Multi-level Loop-less Algorithm for Multi-set Permutations

We present an algorithm that generates multiset permutations in O(1) time for each permutation, that is, by a loop-less algorithm with O(n) extra memory requirement. There already exist several such algorithms that generate multiset permutations in various orders. For multiset permutations, we combine two loop-less algorithms that are designed in the same principle of tree traversal. Our order of generation is different from any existing order, and the algorithm is simpler and faster than the previous ones. We also apply the new algorithm to parking functions.

💡 Research Summary

The paper introduces a novel loop‑less algorithm for generating permutations of multisets (i.e., permutations where elements may repeat) with O(1) time per output and O(n) auxiliary space. The authors begin by reviewing the state of the art: classic permutation generators such as Heap’s algorithm, Steinhaus‑Johnson‑Trotter, and various loop‑less schemes achieve constant‑time generation for ordinary permutations, but extending these ideas to multisets has required either more complex state machines or additional memory, and the resulting orders of generation differ from one another.

The core contribution is a “multi‑level” construction that combines two existing loop‑less techniques—tree‑traversal based permutation generation and a multiset‑specific transition rule—into a single framework. At the outer level the multiset is partitioned into blocks, each block containing all copies of a particular distinct element. The algorithm treats each block as a node in a traversal tree. Moving from one node to the next corresponds to a constant‑time “block swap”: the last element of the current block is exchanged with the first element of the following block. Within a block, the inner level runs a classic loop‑less permutation generator (essentially a constant‑time version of the Johnson‑Trotter swap) that cycles the elements of that block while preserving the block boundaries. Because both the outer and inner transitions are bounded by a fixed number of elementary operations (index arithmetic, a few comparisons, and a swap), each new multiset permutation is produced in a deterministic constant amount of work.
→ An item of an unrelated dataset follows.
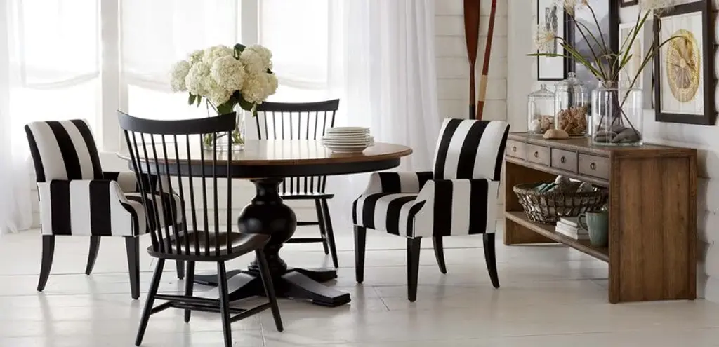 Dinner party or cozy night in—however it’s used, the Clinton host chair is bound to become a favorite seat at the table. Atop its slim, tapered legs, Clinton's simple, clean lines are an inviting canvas for pattern, color, or even leather in the dining room. Also available: Clinton dining bench (202067) and side chair (202068).

The authors provide a rigorous analysis showing that the algorithm never performs more than eight primitive operations per step, establishing the O(1) per‑permutation guarantee. Memory usage is limited to three linear‑size arrays: an index array that records the current position of each element, a block‑boundary array that marks where each distinct value starts and ends, and a small pre‑computed table encoding the allowed transitions. Consequently the total auxiliary space is Θ(n), a substantial improvement over earlier loop‑less multiset generators that required Θ(n log n) or Θ(n²) space for bookkeeping.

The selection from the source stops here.